GIVEN ENTRIES:
=== Section Start ===
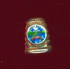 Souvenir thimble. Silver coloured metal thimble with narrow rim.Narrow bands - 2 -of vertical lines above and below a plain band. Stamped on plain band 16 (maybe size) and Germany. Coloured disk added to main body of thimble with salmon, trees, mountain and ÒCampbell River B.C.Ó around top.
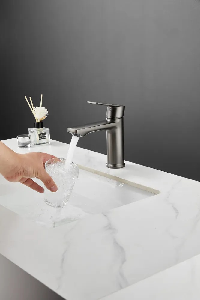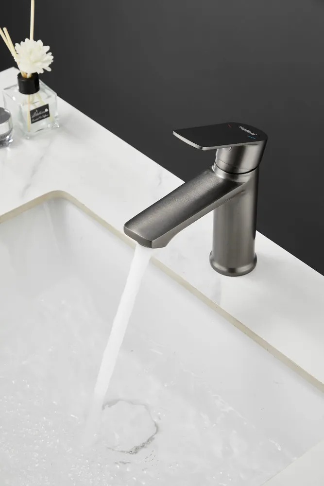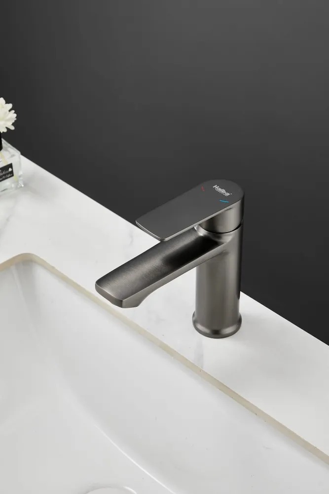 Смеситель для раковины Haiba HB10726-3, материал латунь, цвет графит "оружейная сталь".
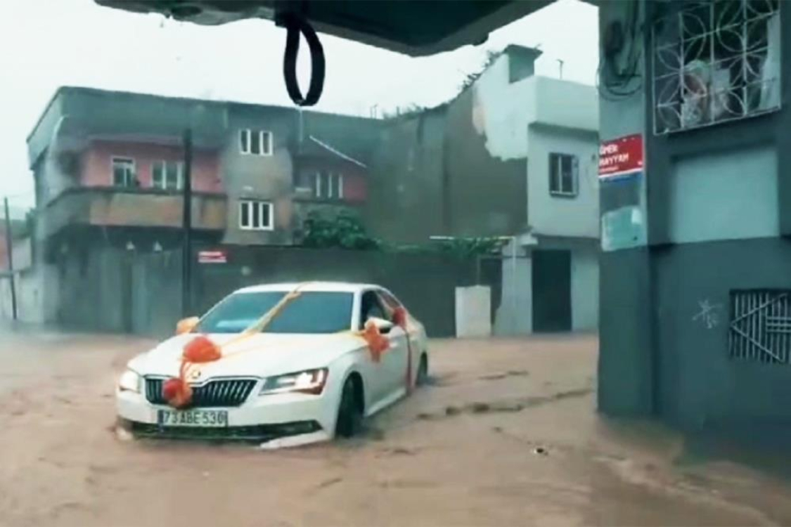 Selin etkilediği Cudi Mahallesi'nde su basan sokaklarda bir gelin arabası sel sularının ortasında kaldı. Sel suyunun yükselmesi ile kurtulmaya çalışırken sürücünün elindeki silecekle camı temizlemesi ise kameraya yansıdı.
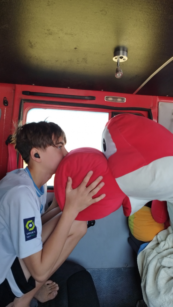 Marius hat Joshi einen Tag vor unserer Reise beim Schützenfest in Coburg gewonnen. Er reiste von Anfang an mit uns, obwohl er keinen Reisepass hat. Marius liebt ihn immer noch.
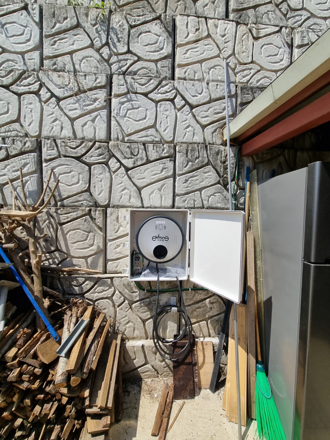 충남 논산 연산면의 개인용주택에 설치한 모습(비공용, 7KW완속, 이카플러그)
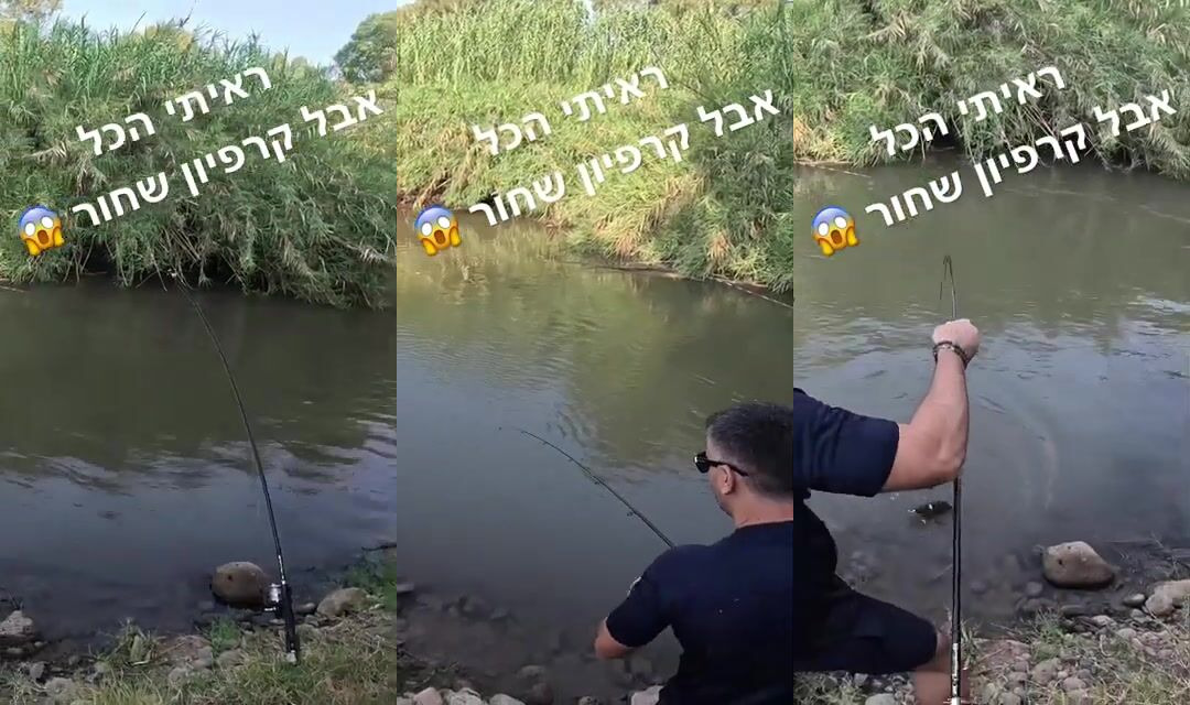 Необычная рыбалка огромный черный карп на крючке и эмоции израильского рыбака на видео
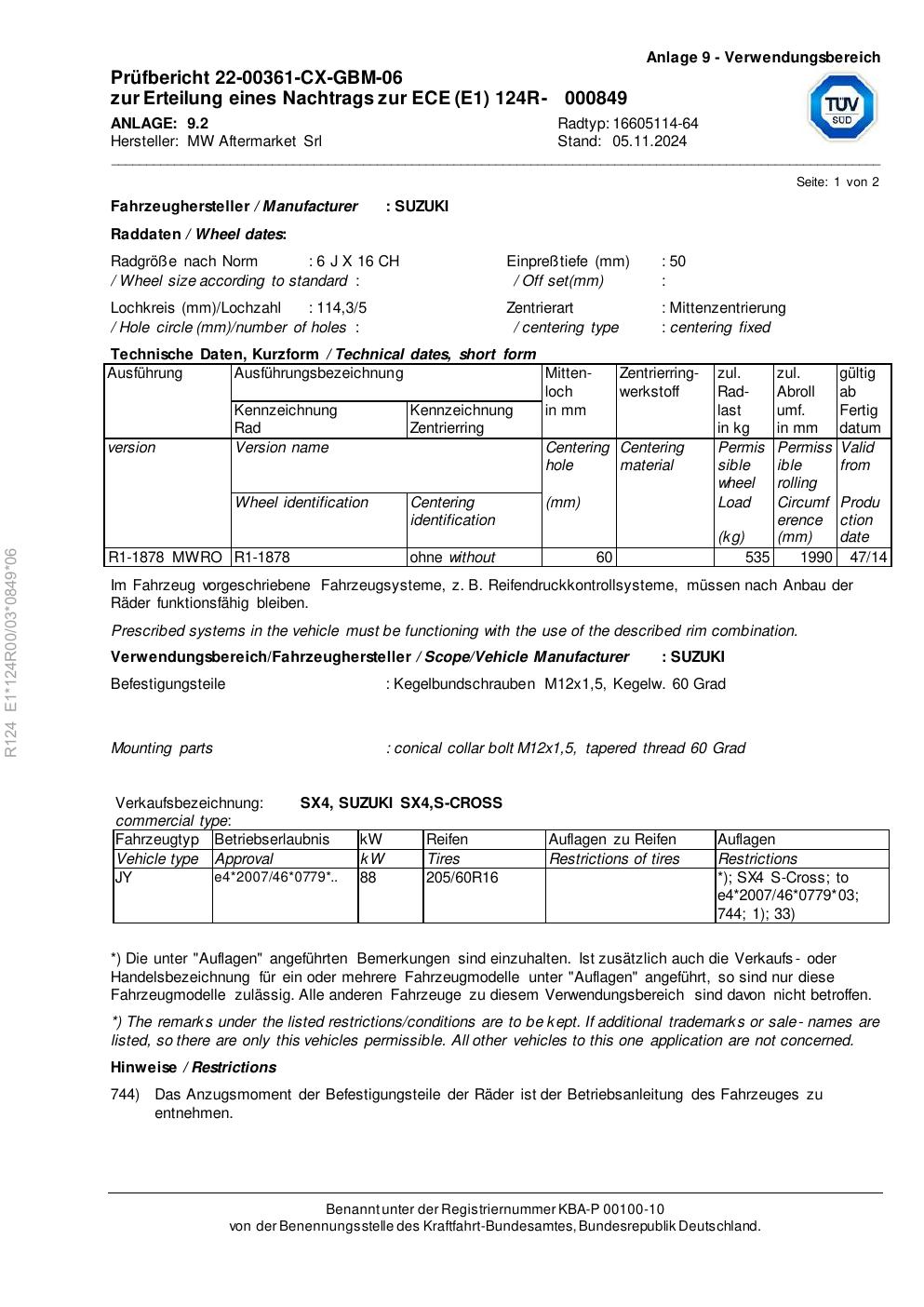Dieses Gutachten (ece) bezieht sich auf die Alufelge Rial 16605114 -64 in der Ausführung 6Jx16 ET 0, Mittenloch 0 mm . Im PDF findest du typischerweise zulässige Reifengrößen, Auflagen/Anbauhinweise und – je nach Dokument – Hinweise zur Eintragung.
=== Section End ===
=== Section Start ===
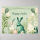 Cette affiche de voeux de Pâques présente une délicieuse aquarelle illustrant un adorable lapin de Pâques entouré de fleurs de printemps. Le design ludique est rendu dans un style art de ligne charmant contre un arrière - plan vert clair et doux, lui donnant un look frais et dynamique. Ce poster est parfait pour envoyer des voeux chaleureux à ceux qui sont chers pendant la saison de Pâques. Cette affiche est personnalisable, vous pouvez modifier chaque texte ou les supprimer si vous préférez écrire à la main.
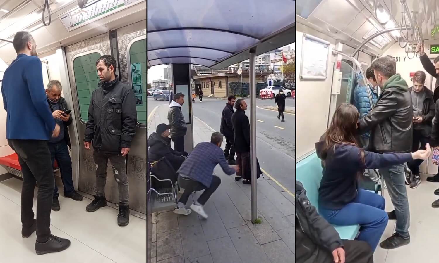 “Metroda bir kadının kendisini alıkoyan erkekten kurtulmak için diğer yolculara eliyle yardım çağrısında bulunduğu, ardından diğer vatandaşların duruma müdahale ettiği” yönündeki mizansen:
=== Section End ===
WHAT IS NEEDED: Using the data above, return the lines from the one holding "Selin etkilediği Cudi" through the one holding "Dieses Gutachten (ece)" exactly, but not the pictures.

REPLY:
 Selin etkilediği Cudi Mahallesi'nde su basan sokaklarda bir gelin arabası sel sularının ortasında kaldı. Sel suyunun yükselmesi ile kurtulmaya çalışırken sürücünün elindeki silecekle camı temizlemesi ise kameraya yansıdı.
 Marius hat Joshi einen Tag vor unserer Reise beim Schützenfest in Coburg gewonnen. Er reiste von Anfang an mit uns, obwohl er keinen Reisepass hat. Marius liebt ihn immer noch.
 충남 논산 연산면의 개인용주택에 설치한 모습(비공용, 7KW완속, 이카플러그)
 Необычная рыбалка огромный черный карп на крючке и эмоции израильского рыбака на видео
Dieses Gutachten (ece) bezieht sich auf die Alufelge Rial 16605114 -64 in der Ausführung 6Jx16 ET 0, Mittenloch 0 mm . Im PDF findest du typischerweise zulässige Reifengrößen, Auflagen/Anbauhinweise und – je nach Dokument – Hinweise zur Eintragung.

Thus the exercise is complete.